Differences of gender, age, and social position informed both the rhetorics and the lived experiences of sexuality in the early modern period. Yet other modes of embodiment—such as those associated with racial identity, physical incapacity, impoverished vagrancy, and conspicuous sartorial display—also impacted sexual practices and meanings in ways that have yet to receive sustained scholarly attention. Rather than simply expanding the category of the sexual, this symposium aims to understand how a focus on these other modes of embodiment might complicate or unsettle current theories and histories of sexuality. While building on insights from early modern sexuality studies, presenters will also draw on theoretical models and methods from adjacent fields such as early modern race studies, disability studies, transgender studies, global Renaissance studies, material culture studies, and posthumanist studies. How might the objects and questions foregrounded by such approaches advance the study of early modern sexuality beyond familiar paradigms? How might such intersections contribute to both historicist and present-day understandings of sex, gender, and embodiment?
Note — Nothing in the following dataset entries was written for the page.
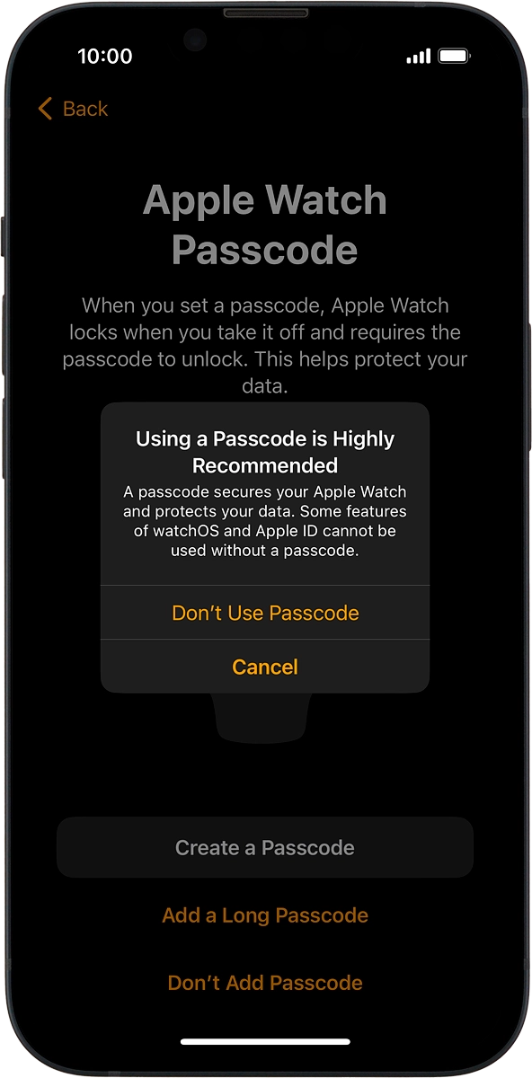 On your phone: Follow the instructions on the screen to turn on use of phone lock code or press Don't Add Passcode.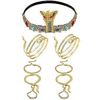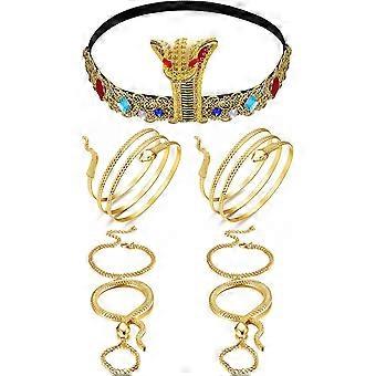 Käärmeenmuotoinen päähine, viisi settiä, cosplay-rekvisiitta juhliin osallistujille, egyptiläistyyliset rannekorut esityksiin, kestävä rakenne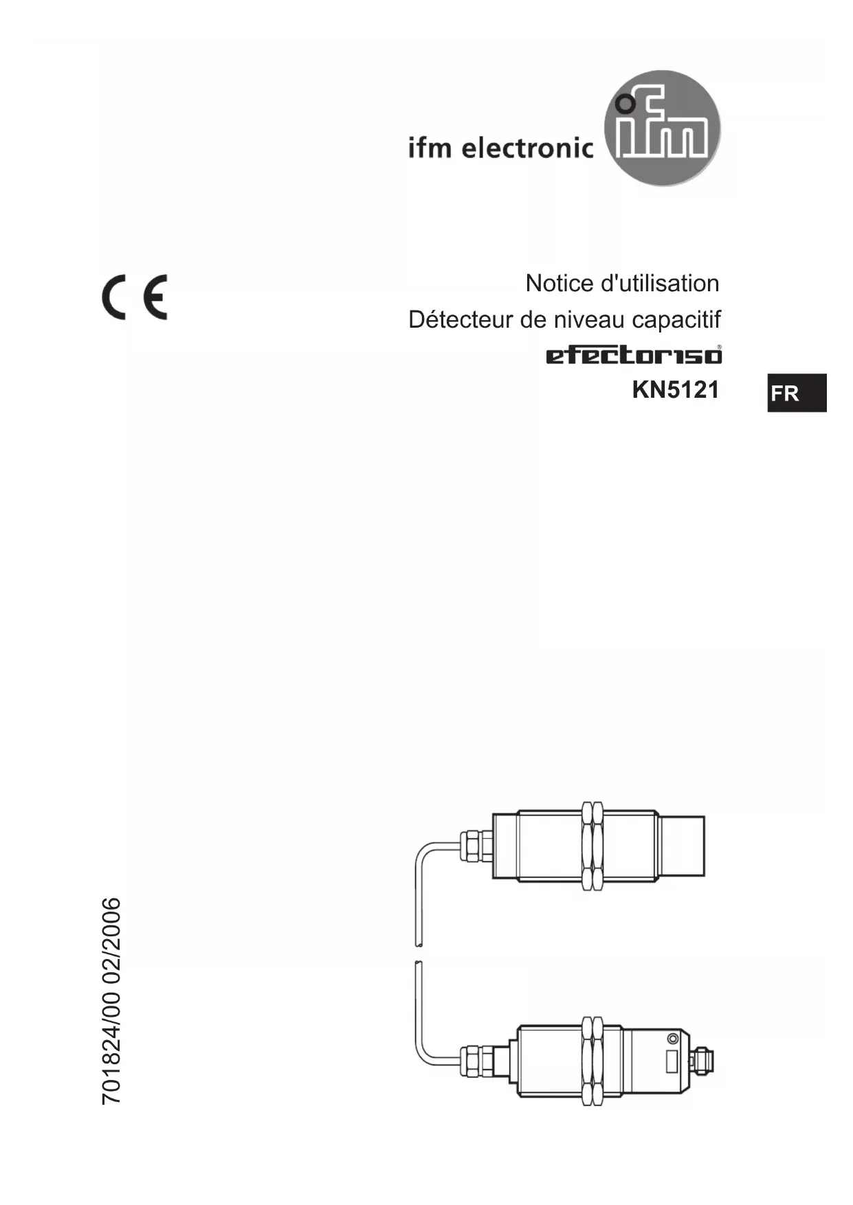 Notice d'utilisation Détecteur de niveau capacitif KN5121 701824/00 02/2006 FR2 Contenu 1 Remarque préliminaire 3 2 Consignes de sécurité 3 3 Fonctionnement et caractéristiques 3 4 Montage 4 5 Raccordement électrique 5 51 Réglage de la fonction de sortie en normalement fermé ou normalement ouvert5 52 Sortie contrôle de fonction / entrée de programmation 6 521 Signaux sur la sortie contrôle de fonction 6 522 Entrée de programmation 6 6 Manipulation 6 61 Programmation 7 611 Réglage vide 7 612 Réglage plein 8 613 Verrouiller 9 614 Déverrouiller 10 615 Messages d'erreur 10 7 Fonctionnement 11 8 Maintenance, réparation et élimination 12 9 Données techniques 123

Organizer: Mario DiGangi is Professor of English at Lehman College and the Graduate Center, City University of New York. He is the author of The Homoerotics of Early Modern Drama (1997) and Sexual Types: Embodiment, Agency, and Dramatic Character from Shakespeare to Shirley (2011). He has edited three plays by Shakespeare and, with Amanda Bailey, Affect Theory and Early Modern Texts: Politics, Ecologies, Form (2017). His current project explores sexuality and race in English Renaissance literature.


Schedule
All sessions will take place in the Folger's Foulke Conference Room (301 East Capitol Street, SE) unless otherwise specified.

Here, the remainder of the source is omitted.